Merge sort is based on the divide-and-conquer paradigm. Its worst-case running time has a lower order of growth than insertion sort. Since we are dealing with subproblems, we state each subproblem as sorting a subarray A[p .. r]. Initially, p = 1 and r = n, but these values change as we recurse through subproblems.
To sort A[p .. r]:
1. Divide Step
If a given array A has zero or one element, simply return; it is already sorted. Otherwise, split A[p .. r] into two subarrays A[p .. q] and A[q + 1 .. r], each containing about half of the elements of A[p .. r]. That is, q is the halfway point of A[p .. r].
2. Conquer Step
Conquer by recursively sorting the two subarrays A[p .. q] and A[q + 1 .. r].
3. Combine Step
Combine the elements back in A[p .. r] by merging the two sorted subarrays A[p .. q] and A[q + 1 .. r] into a sorted sequence. To accomplish this step, we will define a procedure MERGE (A, p, q, r).
Note that the recursion bottoms out when the subarray has just one element, so that it is trivially sorted.
Algorithm: Merge Sort
To sort the entire sequence A[1 .. n], make the initial call to the procedure MERGE-SORT (A, 1, n).
MERGE-SORT (A, p, r)
1. IF p < r // Check for base case
2. THEN q = FLOOR[(p +
r)/2] // Divide step
3. MERGE (A,
p, q) // Conquer step.
4. MERGE (A,
q + 1, r) // Conquer step.
5. MERGE (A,
p, q, r) // Conquer step.
Example: Bottom-up view of the above procedure for n = 8.
Merging
What remains is the MERGE procedure. The following is the input and output of the MERGE procedure.
INPUT: Array A and indices p, q, r such that p ≤ q ≤ r and subarray A[p .. q] is sorted and subarray A[q + 1 .. r] is sorted. By restrictions on p, q, r, neither subarray is empty.
OUTPUT: The two subarrays are merged into a single sorted subarray in A[p .. r].
We implement it so that it takes Θ(n) time, where n = r − p + 1, which is the number of elements being merged.
Idea Behind Linear Time Merging
Think of two piles of cards, Each pile is sorted and placed face-up on a table with the smallest cards on top.
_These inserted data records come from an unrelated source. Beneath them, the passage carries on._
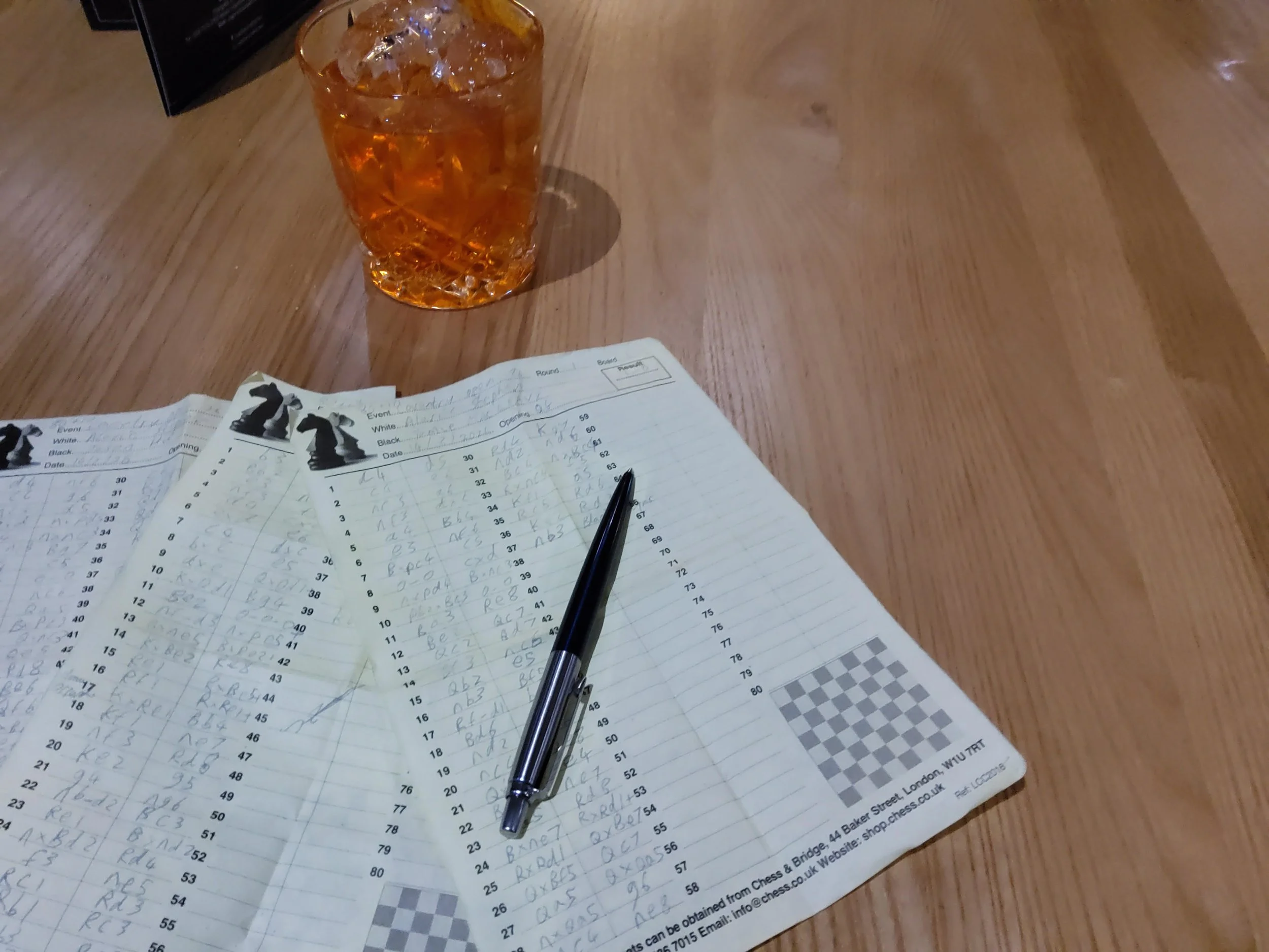 By the end of the day I was on 3/3, with three players Willem, Paul and Shrisha on 2.5/3. I’d booked myself into a hotel near the station, ordered myself an Old Fashioned in the hotel bar, got out my tablet and started analysing my games. A shout out to Scott Oxtoby here, who helped me look through them and also helped me prep some opening theory on what my potential opponent, seed 2 Willem plays as white. If I had him in game 4 he would have white and he plays the rare 1.nc3, the Dunst opening. Scott and I spoke through some options with 1...c5 being a possibility and angling for a sicilian where white can no longer go for c4 for a Maróczy Bind, so Accelerated Dragons are on the table. However I decided instead to go for 1...d5 which has potential to transition into a Scandinavian after 2.e4, but having seen Willem’s game 2 I knew that 2.d4 was more likely, which plays like a Queen’s Pawn game where white can’t play the natural c4 anymore. I also prepped QGA lines in case I saw Willem in round 5 where I was likely to have white.
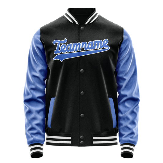 Custom Black Light-Blue Solid Color Varsity Letterman Jacket
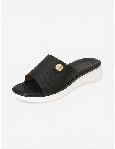 Dámské černé pantofle se zlatým kovovým dekorem - sandály na platformě s dřevěnou texturou pro luxusní lenošení u bazénu, hotelové resorty &letní prázdniny

We will merge these into a single sorted pile, face-down on the table.
A basic step:
Choose the smaller of the two top cards.
Remove it from its pile, thereby exposing a new top card.
Place the chosen card face-down onto the output pile.
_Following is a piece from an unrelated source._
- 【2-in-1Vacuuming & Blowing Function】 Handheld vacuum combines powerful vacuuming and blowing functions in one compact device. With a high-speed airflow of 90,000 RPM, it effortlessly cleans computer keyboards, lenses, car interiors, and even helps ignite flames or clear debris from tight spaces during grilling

Repeatedly perform basic steps until one input pile is empty.
Once one input pile empties, just take the remaining input pile and place it face-down onto the output pile.
Each basic step should take constant time, since we check just the two top cards. There are at most n basic steps, since each basic step removes one card from the input piles, and we started with n cards in the input piles. Therefore, this procedure should take Θ(n) time.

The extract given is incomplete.